# How to complete this task:
Using the data below, transcribe exactly everything from the line that contains "4、向导/领队:8人以下司机" down to the line that contains "For her contributions". Include both of those lines and none of the pictures.
(Information)
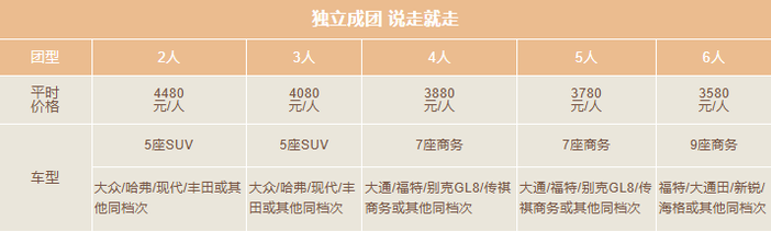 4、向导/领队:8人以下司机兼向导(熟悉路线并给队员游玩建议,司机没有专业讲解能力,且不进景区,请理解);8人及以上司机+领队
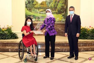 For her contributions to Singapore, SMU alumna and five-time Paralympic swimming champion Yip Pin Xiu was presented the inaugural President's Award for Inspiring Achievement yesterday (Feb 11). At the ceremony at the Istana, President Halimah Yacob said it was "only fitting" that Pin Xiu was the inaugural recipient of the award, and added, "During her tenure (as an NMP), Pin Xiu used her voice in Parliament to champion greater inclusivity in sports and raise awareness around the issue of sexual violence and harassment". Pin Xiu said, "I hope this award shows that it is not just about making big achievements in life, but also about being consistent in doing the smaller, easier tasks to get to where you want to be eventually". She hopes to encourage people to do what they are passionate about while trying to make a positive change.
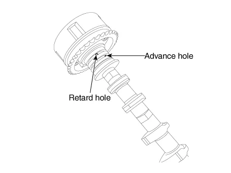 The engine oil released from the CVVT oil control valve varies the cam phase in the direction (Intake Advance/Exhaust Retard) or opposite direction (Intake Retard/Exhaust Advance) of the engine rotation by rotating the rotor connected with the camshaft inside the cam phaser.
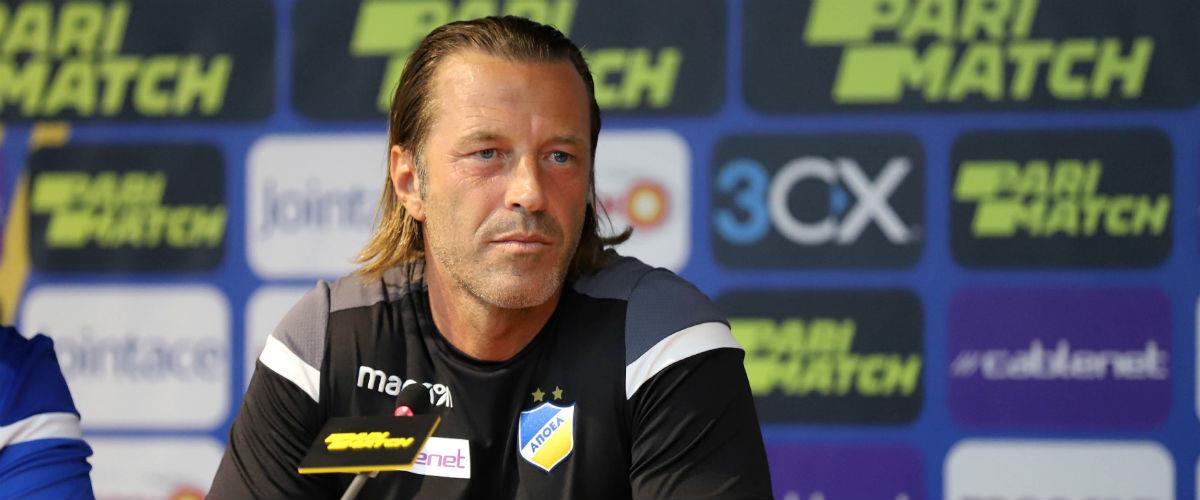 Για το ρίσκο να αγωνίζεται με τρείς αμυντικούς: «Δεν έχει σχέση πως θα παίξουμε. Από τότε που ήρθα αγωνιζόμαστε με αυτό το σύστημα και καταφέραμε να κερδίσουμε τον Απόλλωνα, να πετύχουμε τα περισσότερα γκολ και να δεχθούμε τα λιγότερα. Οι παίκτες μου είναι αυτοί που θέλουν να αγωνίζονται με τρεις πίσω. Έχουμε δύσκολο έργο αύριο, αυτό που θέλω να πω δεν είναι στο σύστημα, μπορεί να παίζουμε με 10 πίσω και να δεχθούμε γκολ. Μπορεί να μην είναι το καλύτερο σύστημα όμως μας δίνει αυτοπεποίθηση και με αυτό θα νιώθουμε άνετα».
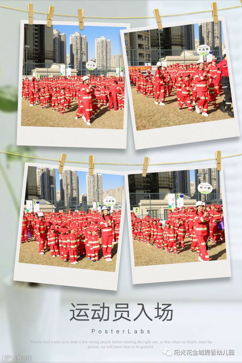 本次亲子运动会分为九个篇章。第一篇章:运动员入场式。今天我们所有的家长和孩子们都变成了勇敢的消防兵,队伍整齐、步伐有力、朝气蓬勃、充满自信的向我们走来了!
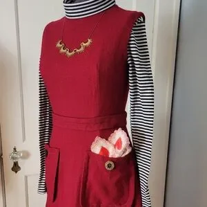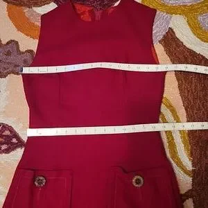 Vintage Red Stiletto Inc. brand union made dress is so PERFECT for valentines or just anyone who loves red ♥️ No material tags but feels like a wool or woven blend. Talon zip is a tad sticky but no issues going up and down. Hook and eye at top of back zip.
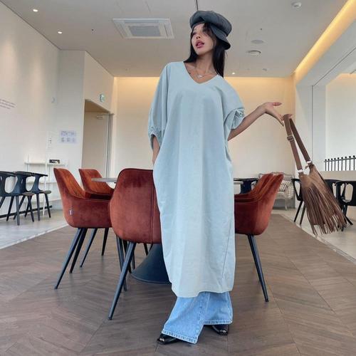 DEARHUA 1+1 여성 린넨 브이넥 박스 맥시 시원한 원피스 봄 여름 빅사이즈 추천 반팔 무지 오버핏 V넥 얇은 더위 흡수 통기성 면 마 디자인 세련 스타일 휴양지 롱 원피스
(End Information)
(Information)
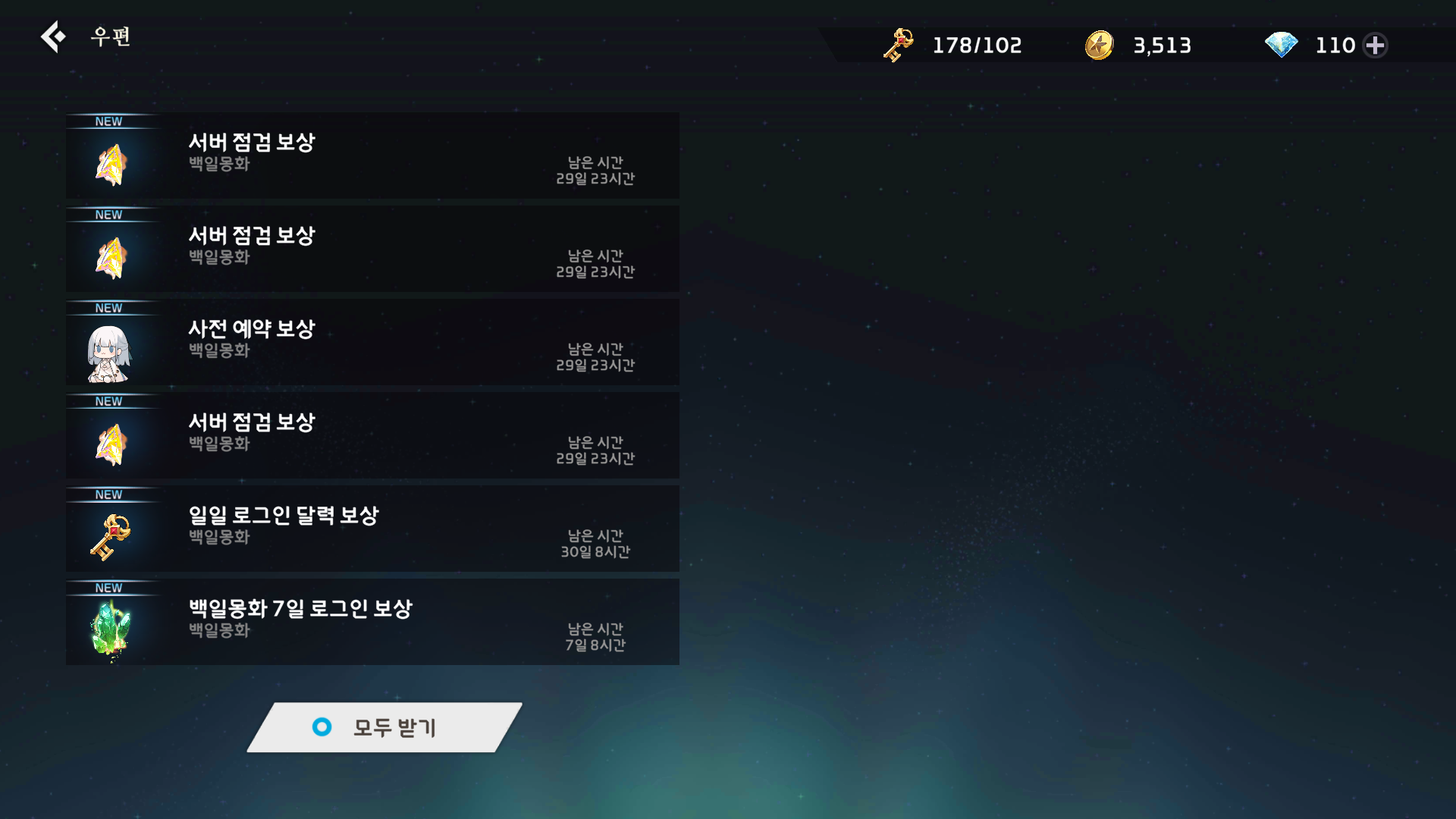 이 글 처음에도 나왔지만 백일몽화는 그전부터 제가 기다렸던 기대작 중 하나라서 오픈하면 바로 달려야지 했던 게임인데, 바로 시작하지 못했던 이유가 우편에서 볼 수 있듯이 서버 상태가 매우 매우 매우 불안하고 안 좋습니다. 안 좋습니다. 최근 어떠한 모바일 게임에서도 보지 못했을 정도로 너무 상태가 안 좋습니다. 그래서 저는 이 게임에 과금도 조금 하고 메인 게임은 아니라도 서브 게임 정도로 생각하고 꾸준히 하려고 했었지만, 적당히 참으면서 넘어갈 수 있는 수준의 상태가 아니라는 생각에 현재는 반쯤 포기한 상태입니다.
(End Information)
# Written answer:
 4、向导/领队:8人以下司机兼向导(熟悉路线并给队员游玩建议,司机没有专业讲解能力,且不进景区,请理解);8人及以上司机+领队
 For her contributions to Singapore, SMU alumna and five-time Paralympic swimming champion Yip Pin Xiu was presented the inaugural President's Award for Inspiring Achievement yesterday (Feb 11). At the ceremony at the Istana, President Halimah Yacob said it was "only fitting" that Pin Xiu was the inaugural recipient of the award, and added, "During her tenure (as an NMP), Pin Xiu used her voice in Parliament to champion greater inclusivity in sports and raise awareness around the issue of sexual violence and harassment". Pin Xiu said, "I hope this award shows that it is not just about making big achievements in life, but also about being consistent in doing the smaller, easier tasks to get to where you want to be eventually". She hopes to encourage people to do what they are passionate about while trying to make a positive change.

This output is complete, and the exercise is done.